Wie Merkel ihren Minister Röttgen abservierte

Wenig später steht Peter Altmaier ein letztes Mal vor der Pressewand der Unionsfraktion. In der nächsten Sitzungswoche wird der Merkel-Vertraute und Stratege der Union nicht mehr der erste parlamentarische Geschäftsführer der Fraktion sein. 2009 hatte Altmaier das Amt übernommen - ausgerechnet von Norbert Röttgen, dem er jetzt auch als Bundesumweltminister nachfolgt. Die beiden sind einstige Streiter der "Pizza-Connection", mit der sie die Union für die Grünen öffnen wollten. 
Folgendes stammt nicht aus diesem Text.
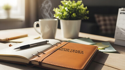 Create a cozy atmosphere with a softlit room featuring a journal and coffee

"Ich danke der Bundeskanzlerin für ihr Vertrauen", sagt Altmaier heute, kurz nachdem die Kanzlerin den Wechsel im Kabinett verkündet hat. Altmaier, eigentlich ein begnadeter Redner, liest von einem Zettel ab, viele Passagen sind durchgestrichen. Er muss die Energiewende umsetzen, "eine gesamtgesellschaftliche Aufgabe", wie er sagt, "von deren Gelingen viel abhängt - für die Verbraucher, für die Wirtschaft und für die Umwelt". Und vor allem für die schwarz-gelbe Koalition. Kurz danach entschwindet er, lässt wie Merkel keine Fragen zu. Zu hart scheint der Einschnitt für die Koalition. "Ein schwerer Gang, im wahrsten Sinne des Wortes", sagte er kurz vor seinem Pressestatement. Nicht für die Medien, aber wahr. 
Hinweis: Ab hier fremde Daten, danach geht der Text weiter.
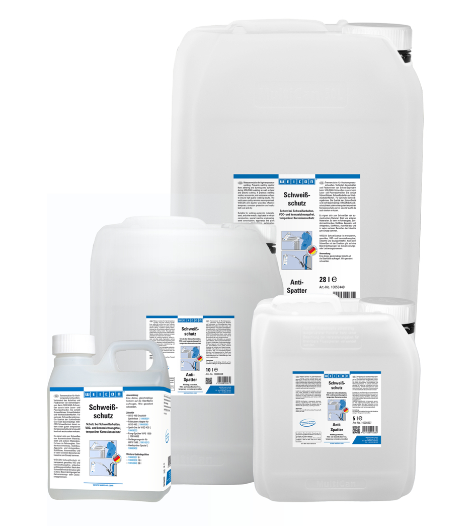 WEICON Anti-Stropi este o emulsie de separare pentru aplicații de sudură la temperaturi ridicate. Previne aderența și arderea stropilor de sudură pe suprafețe în timpul sudării MIG/MAG, precum și al tăierii cu laser și plasmă. Protejează duzele de sudură, accesoriile de sudură și suprafețele pieselor de lucru, asigurând rezultate excelente la sudare. Calitatea cordonului de sudură rămâne neafectată. WEICON Anti-Stropi oferă, de asemenea, protecție temporară eficientă împotriva coroziunii și este eficient atât umed cât și uscat. Este potrivit pentru sudarea materialelor de tip austenită, oțel și a multor alte metale. Produsul poate fi utilizat în construcția de vehicule, construcția de mașini speciale, construcția de oțel, construcția de aparate și instalații, construcția de nave, construcția de automobile și multe alte sectoare industriale. WEICON Anti-Stropi este transparent, inodor, fără COV, nepericulos, fără silicon și fără conținut de solvent. După sudare, emulsia nu interferează cu procesele de galvanizare sau vopsire.

Wer Altmaier im Amt des parlamentarischen Geschäftsführers folgt, steht nach Informationen des Handelsblatts noch nicht fest. Dies werden Fraktionschef Volker Kauder und Kanzlerin Angela Merkel mit CSU-Chef Horst Seehofer entscheiden.
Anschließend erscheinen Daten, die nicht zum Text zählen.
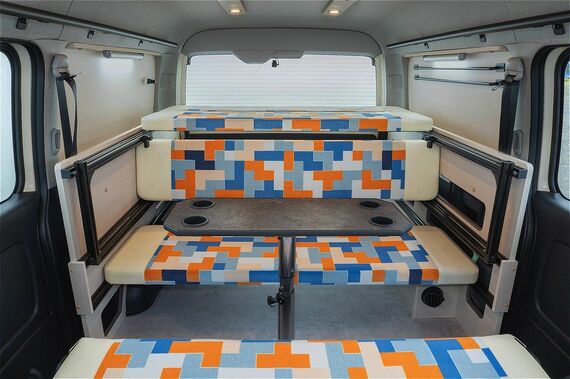 さらに、レクビィが実用新案を持つオリジナルの「フロントダイネットマット」も装着(オプション)。これは、運転席と助手席の背もたれを倒して装着するソファ。前向きにした2列目シートとの間に着脱式のテーブルを設置すれば、対面式のダイネットにすることができる。ほかにも、室内の右側後方にはコンパクトなキッチンも搭載。付属するスルータイプのシャワーヘッドは、リアゲートを開ければ車外での水利用も可能だ。

Man darf darüber spekulieren, was den Stimmungsumschwung im Kanzleramt ausgelöst hat. Der öffentliche Wutausbruch von CSU-Chef Horst Seehofer im ZDF-Heute-Journal dürfte sicherlich den Druck auf Merkel erhöht haben, personelle Konsequenzen aus der verlorenen NRW-Wahl zu ziehen. Seehofer hatte Röttgen scharf dafür angegriffen, dass sich dieser im Wahlkampf nicht klar zu einem Wechsel in die NRW-Landespolitik bekannt hatte. „Das war ein ganz großer Fehler“, sagte Seehofer wörtlich. Er habe Röttgen eindringlich vor den Folgen gewarnt - sowohl öffentlich als auch im Gespräch mit dem Minister und der Kanzlerin, so der CSU-Chef. Und er habe mit seiner düsteren Vorahnung Recht behalten - leider.

Nach Röttgens Entlassung sagte Seehofer dem Rundfunksender "B5 aktuell", nach dem, was ihm die Kanzlerin gesagt habe, habe Handlungsbedarf bestanden. Merkel habe ihn gegen 16.00 Uhr über die Beweggründe der Entlassung informiert. Näher wollte sich Seehofer nicht äußern.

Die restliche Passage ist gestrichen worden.